··· Material for this task ···

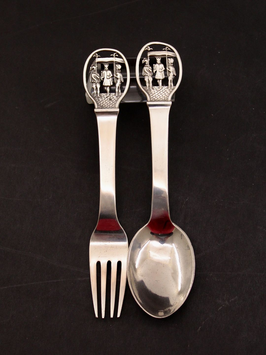 : H C Andersen sæt barne bestik 14,5 cm. tretårnet sølv ingen graveringer emne nr. 620554
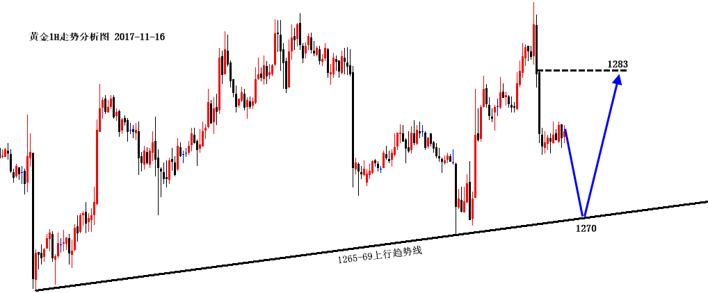分析师张琅:11.16黄金操作建议,回落午后看反弹 文/分析师张琅 黄金早间开盘1277.9,早盘最高1279.5。午间行情出现技术面回落,最低触及1275.3一线,目前黄金小幅反弹维持于1276.2上方运行。 11.16午后黄金技术分析: 黄金早盘延续昨日砸盘影响惯性走低,最低触及下方1275.3一线。目前整体上依然关注上行通道下轨附近1274.
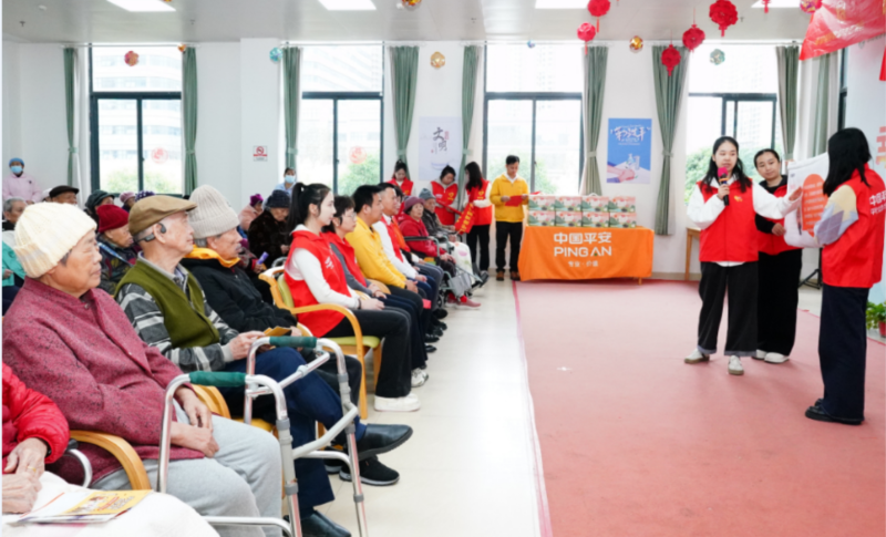 在学雷锋月与“3・15”国际消费者权益日来临之际,平安银行南宁分行联合平安集团各子公司,及南国早报、南宁市江南区文明办、南宁市江南区民政局、广西八桂义工协会志愿者,走进南宁市江南区民政综合园——华邦美好家园(南宁江南)孝慈苑,开展 “爱暖夕阳 孝慈相伴”志愿服务活动,为院内约120位长者送上暖心关怀与专业金融防护,以实际行动践行企业社会责任,用心守护老年群体金融消费安全。
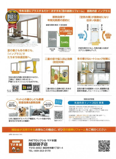 - 国の窓リノベ補助金が年内で終了予定! 内窓リフォームで“あったか快適”な冬に。 LIXILマド本舗 服部硝子店が丁寧にサポートします!
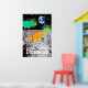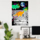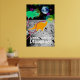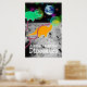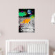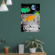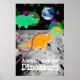 Cartoon Dinosaurs on the Moon Poster Print. Two cute little astronaut dinosaurs green Triceratops and orange Diplodocus in space on the moon with colour stars and a beautiful blue planet earth poster print with customizable text "A small step for Dinosaurs". This colourful dinosaur friends in space poster is fully customizable, add your text and images! A beautiful space travel cartoon animal gift for the big little dino fans!
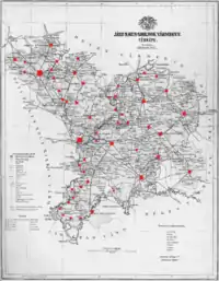 Ethnic map of the county with data of the 1910 census (see the key in the description).
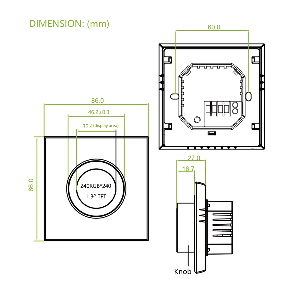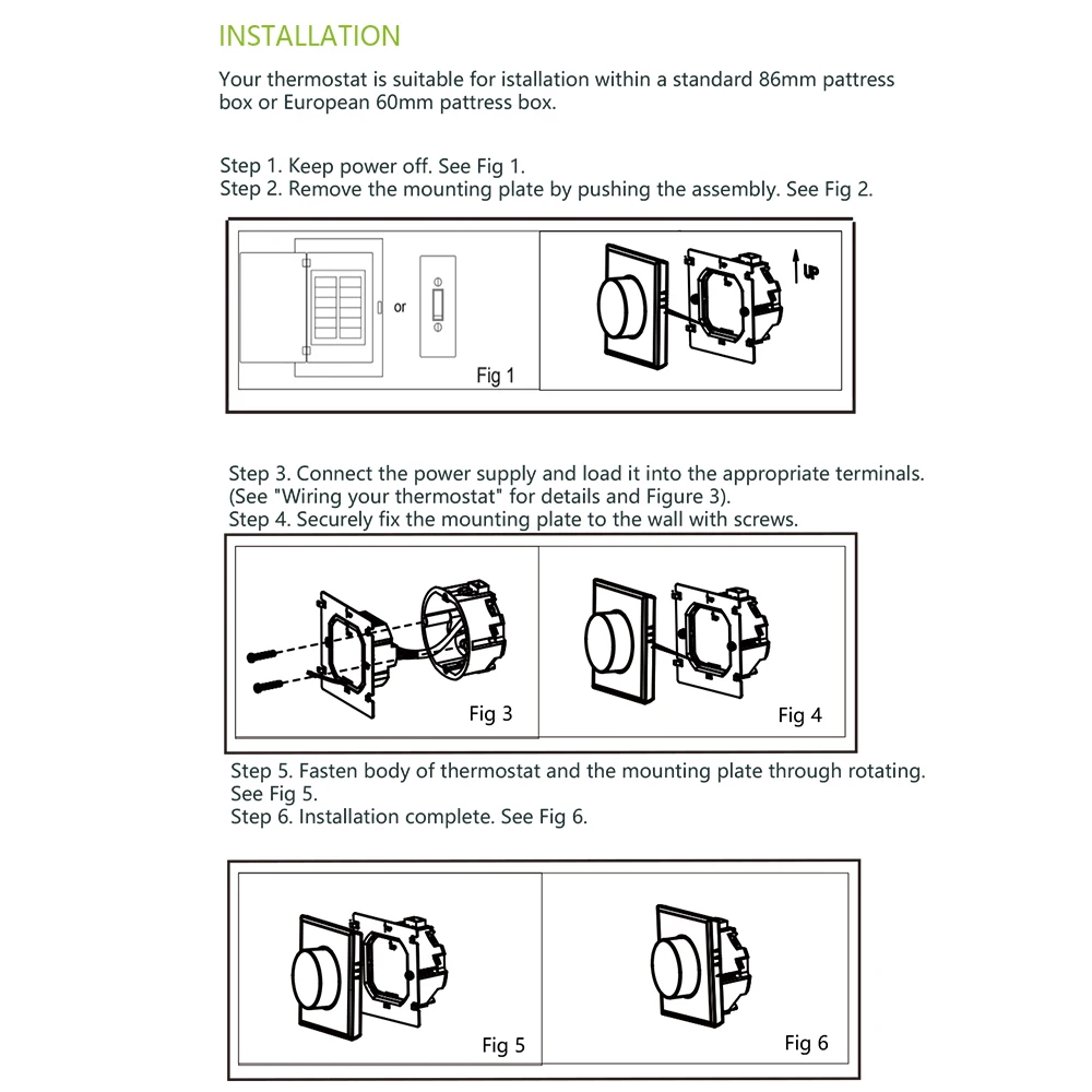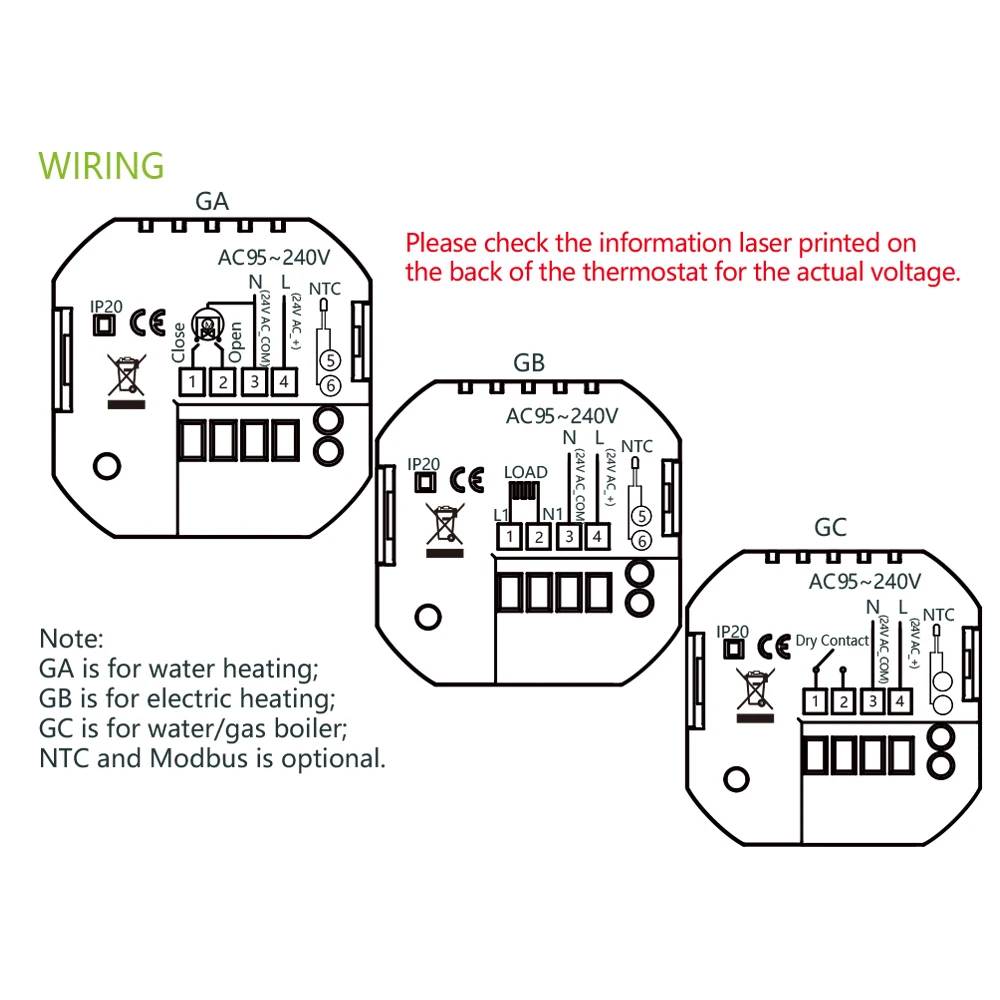 전원 공급 장치: 95-240VAC, 50-60Hz 또는 24V DC/AC, 50-60Hz (실제 전압은 서모 스탯 뒷면에 인쇄 된 정보 레이저를 확인하십시오)

···

# [Requirement]
Keeping every word as it is, write out all the data and omit the pictures.

# [Written answer]
 : H C Andersen sæt barne bestik 14,5 cm. tretårnet sølv ingen graveringer emne nr. 620554
分析师张琅:11.16黄金操作建议,回落午后看反弹 文/分析师张琅 黄金早间开盘1277.9,早盘最高1279.5。午间行情出现技术面回落,最低触及1275.3一线,目前黄金小幅反弹维持于1276.2上方运行。 11.16午后黄金技术分析: 黄金早盘延续昨日砸盘影响惯性走低,最低触及下方1275.3一线。目前整体上依然关注上行通道下轨附近1274.
 在学雷锋月与“3・15”国际消费者权益日来临之际,平安银行南宁分行联合平安集团各子公司,及南国早报、南宁市江南区文明办、南宁市江南区民政局、广西八桂义工协会志愿者,走进南宁市江南区民政综合园——华邦美好家园(南宁江南)孝慈苑,开展 “爱暖夕阳 孝慈相伴”志愿服务活动,为院内约120位长者送上暖心关怀与专业金融防护,以实际行动践行企业社会责任,用心守护老年群体金融消费安全。
 - 国の窓リノベ補助金が年内で終了予定! 内窓リフォームで“あったか快適”な冬に。 LIXILマド本舗 服部硝子店が丁寧にサポートします!
 Cartoon Dinosaurs on the Moon Poster Print. Two cute little astronaut dinosaurs green Triceratops and orange Diplodocus in space on the moon with colour stars and a beautiful blue planet earth poster print with customizable text "A small step for Dinosaurs". This colourful dinosaur friends in space poster is fully customizable, add your text and images! A beautiful space travel cartoon animal gift for the big little dino fans!
 Ethnic map of the county with data of the 1910 census (see the key in the description).
 전원 공급 장치: 95-240VAC, 50-60Hz 또는 24V DC/AC, 50-60Hz (실제 전압은 서모 스탯 뒷면에 인쇄 된 정보 레이저를 확인하십시오)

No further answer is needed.